Tip 3 – Choose the right material for furnace re-builds
When IR scans indicate that the area of concern is too large for on-line repairs, the unit must be shut down for a furnace reline or process heater reline. Material selection is key to a successful furnace rebuild that will improve efficiency and reliability and lower maintenance costs. Material properties, including hardness, density, mechanical resistance, or insulating factor, may vary depending upon the furnace's application. Selection of the proper material is frequently done by using a heat flow analysis software program in which temperature and use factors are inputted to obtain information on the best materials to be used.
Keep in mind that many units have old style insulation; since there are so many new, more efficient insulation types now on the market, consider upgrading when you have to reline the furnace. For example, Morgan Thermal Ceramics' Superwool® Plus™ fiber has up to 20 percent lower thermal conductivity than competitive insulations. As a result Superwool® Plus™ fiber is 17 percent more energy efficient than traditional Refractory Ceramic Fiber (RCF) and any other Alkaline Earth Silicate (AES) insulations. A breakthrough in the company's advanced manufacturing control has allowed the product to be engineered to maximize the fiber content. Its low bio-persistence also makes it a good replacement for those looking to move away from RCF insulation.
Figures 3 & 4 show a variety of materials used in furnace rebuilds.
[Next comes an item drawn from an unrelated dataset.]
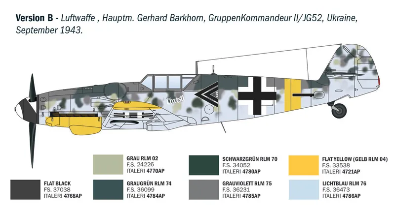 The Messerschmitt Bf 109 monoplane fighter is, without a doubt, one of the most famous fighter aircraft of the Second World War and can be considered one of the symbols of the Luftwaffe. Throughout the conflict, its engines and armament were regularly improved to ensure it remained capable of competing with more modern and faster aircraft. Along with the Focke-Wulf Fw 190, it formed the backbone of the Luftwaffe's fighter squadrons. The Bf 109 was flown by the most famous German aces, achieving a significant number of aerial victories. Among them, we can mention the pilots of the famous Jagdgeschwader 52 and the ace with the highest number of kills of the Second World War: Erich Hartmann.

Tip 4 – Carefully consider engineering design
After selecting the proper materials, be sure that the engineering design is suitable. Engineering is extremely important to ensuring that the furnace relining is as long-lasting as possible. Make sure the materials have enough studs to hold them in place, and have sufficient joints for expansion or shrinkage. For instance, if you install a brick lining without the proper expansion joints, the brick could actually grow and end up pushing the entire lining off the furnace wall.
Tip 5 – Proper installation is key to success
Be sure that installation of furnace lining material is done properly and those doing the job have the proper skills for the task. There are a wide variety of products available and each one has different installation requirements. For example, with concrete products, if the concrete is not mixed with the right amount of water at the proper temperature, the material will not develop, will be difficult to place and will not reach expected properties. The bottom line is that if you don't install it right, it is as bad as not having a good design and not making a good material choice.